Tip 1: Only Bring in the Data you Need

An excellent first step to optimizing your query is removing the data you don’t need.

Refine what you’re bringing in, starting with the FROM clause; the FROM clause is the first part of the executed query, as per the standard SQL execution order. This means that if JOINS are present in your query, the FROM clause will be the first part read.

So let’s use an example: say your goal is to join the tables order and detail from a database called db, and you’re using the field sku to join the two tables.

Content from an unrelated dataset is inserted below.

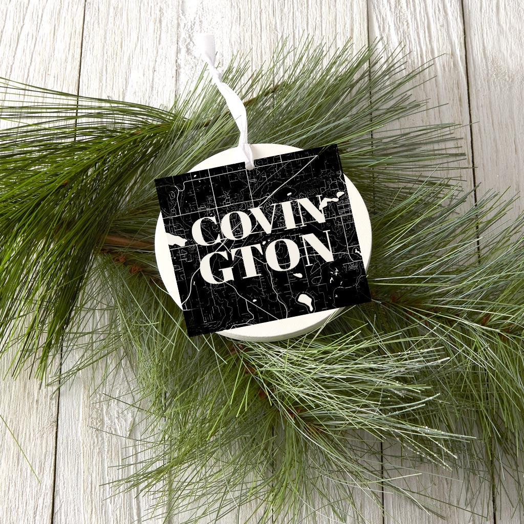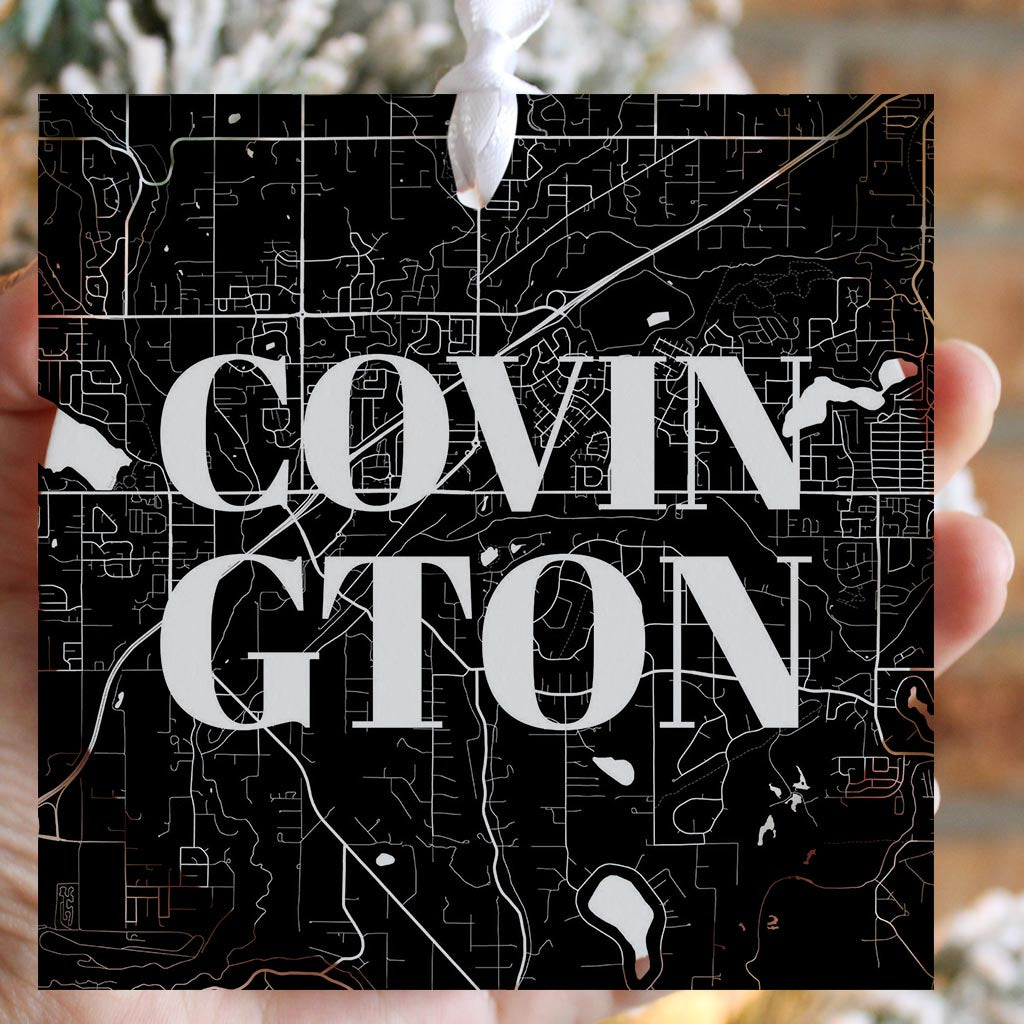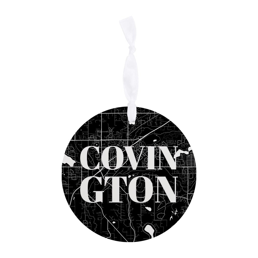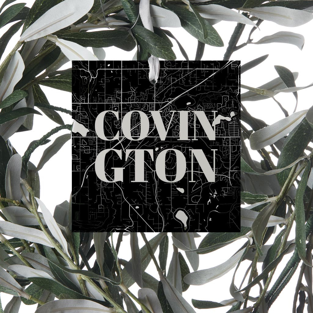 Minimalistic B&W Washington Covington Map | Wood Ornament | Eaches | Min 6
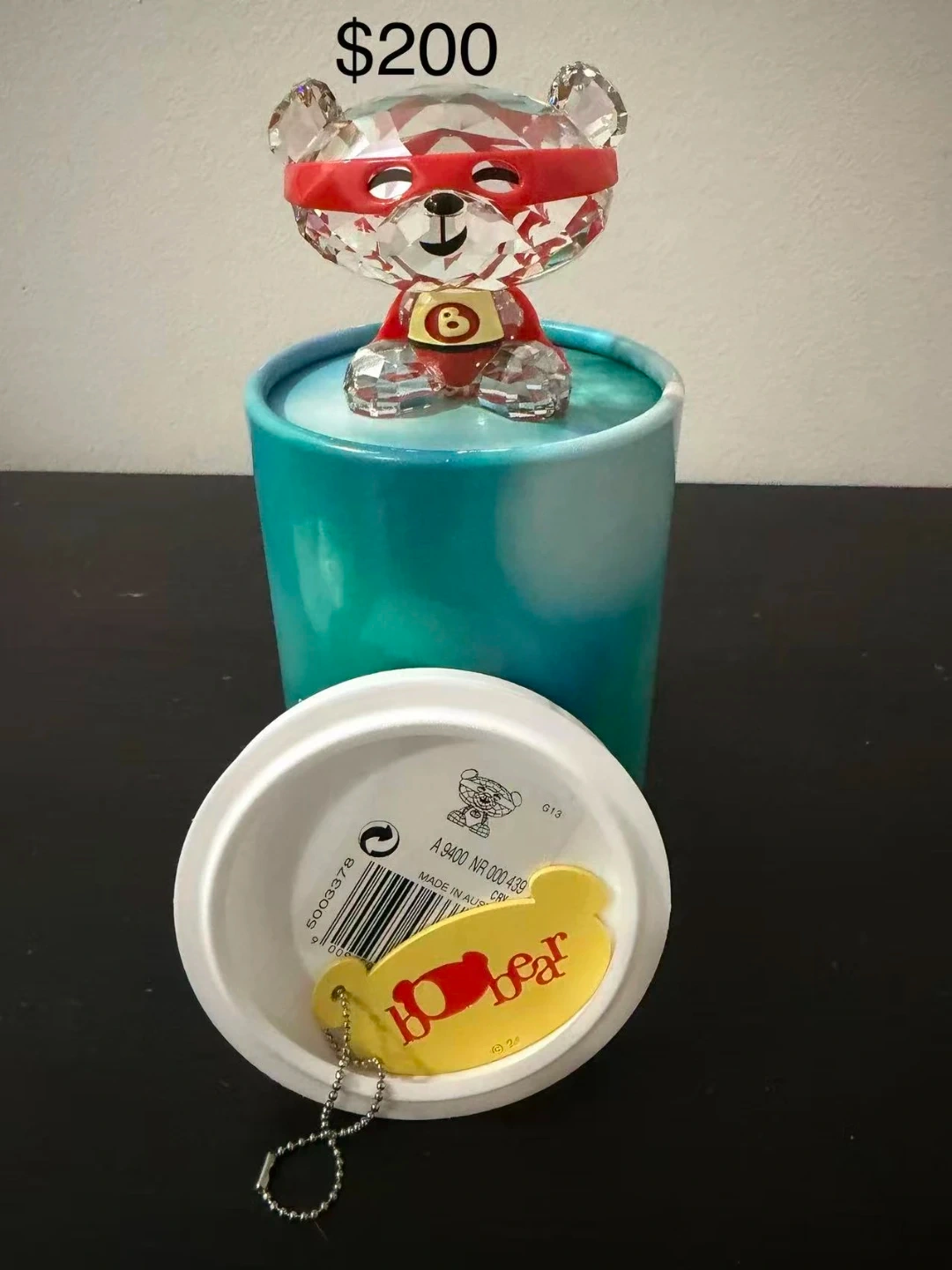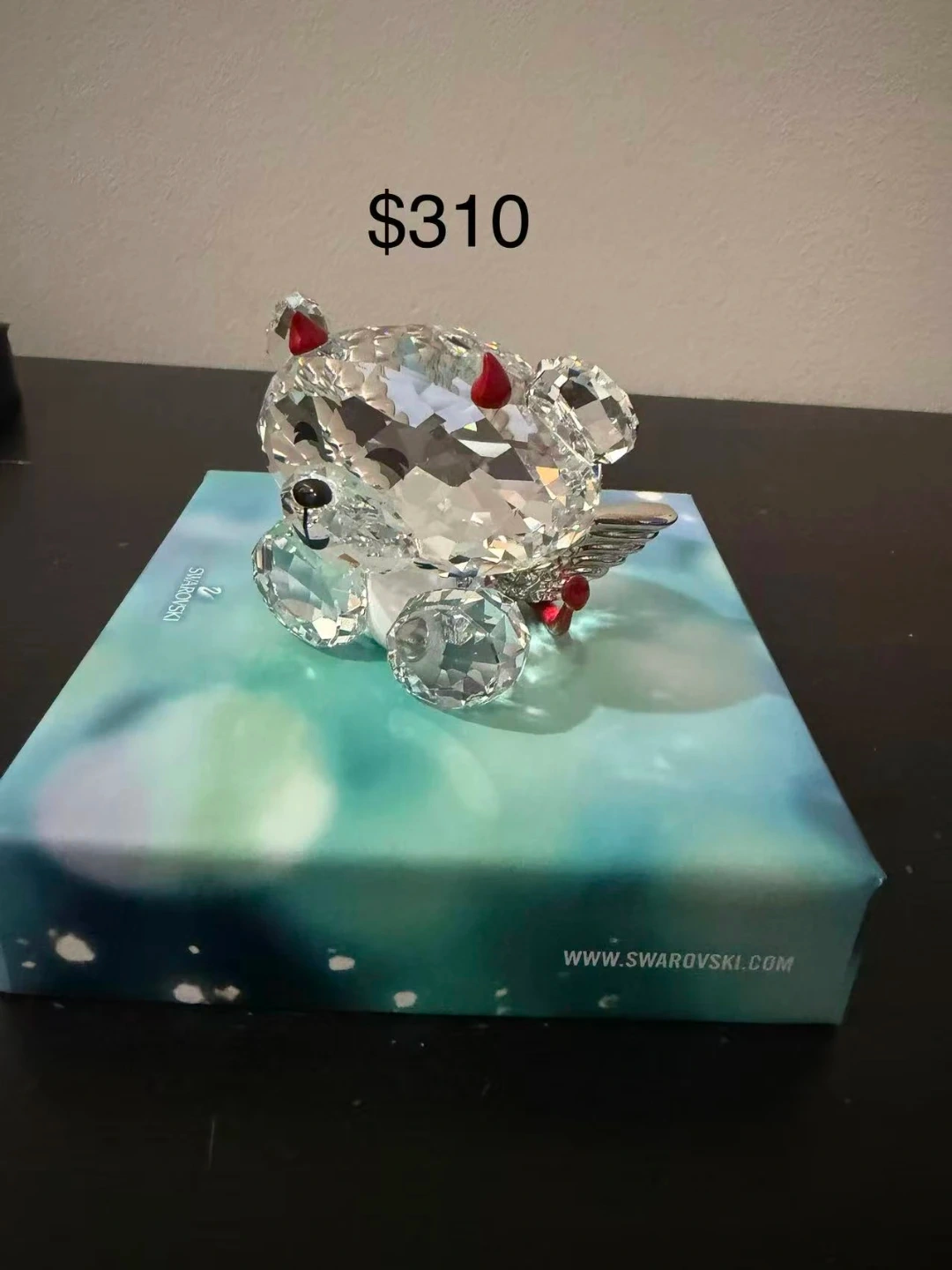 Sparkling crystal figurine of a bear with wings and devil horns. Includes original Swarovski box. Made in Austria. All are brand new.

While the detail table below shows 9 columns, this table has 100 columns total, with the visual-only showing the first 9 columns.

Here are some example tables:

order

order_number	sku	date
3287493	1234	1/13/2023
2846287	4444	3/10/2023
1047263	5454	4/18/2023

detail (+91 columns not shown):

sku	class	sub_class	vendor	state	region	type	model_year	rate
1234	Power tool	pt1	Dotten	Maine	Northern	power	2023	$544
4444	Hand tool	ht2	Stanley	Utah	Western	tool	2022	$130
5454	Power tool	pt2	Press	Florida	Southern	power	2022	$470
6711	Ice maker	ap1	Scottie	Nevada	Western	appliance	2023	$255

The first query below will bring in both full tables and join them on the sku field. This means all 100 columns from the detail table will be included in this join, making it a heavy lift. The second query will bring in only the fields specified after the SELECT clause, thus significantly reducing the number of columns brought in by the JOIN.

Optimizing your query by only bringing in the necessary columns, mainly when your subquery allows you to considerably reduce the number of columns, will result in significant performance improvement.

Query 1

				
					SELECT *
FROM db.order
JOIN db.detail 
    ON order.sku = detail.sku

Query 2

				
					SELECT *
FROM db.order
JOIN (
SELECT 
    sku, 
    class,
    vendor, 
    rate 
FROM db.detail
) 
    ON order.sku = detail.sku

Tip 2: Apply Filters or Joins to Your Tables

Adding simple filters to your query is an easy way to reduce table size. Depending on the desired output, many filters can do the trick. You may only want your table to include data within a specific date range or associated with a particular category; using filters allows you to render only the data you need.

Where applicable, you can also write the filters in your query to be dynamic. This gives your SQL query more flexibility and general application. For example, if you want to isolate all of the rows from the order table where the date was in the last week, you could use the filter below:

				
					SELECT * 
FROM db.order 
WHERE date >= DATEADD(GETDATE(), -7, date)

Tip 3: Use Key Values

An effective way to organize your data is by using primary keys to build a foundational table to which you can join values. To do this, you first need to determine the level that you want your table.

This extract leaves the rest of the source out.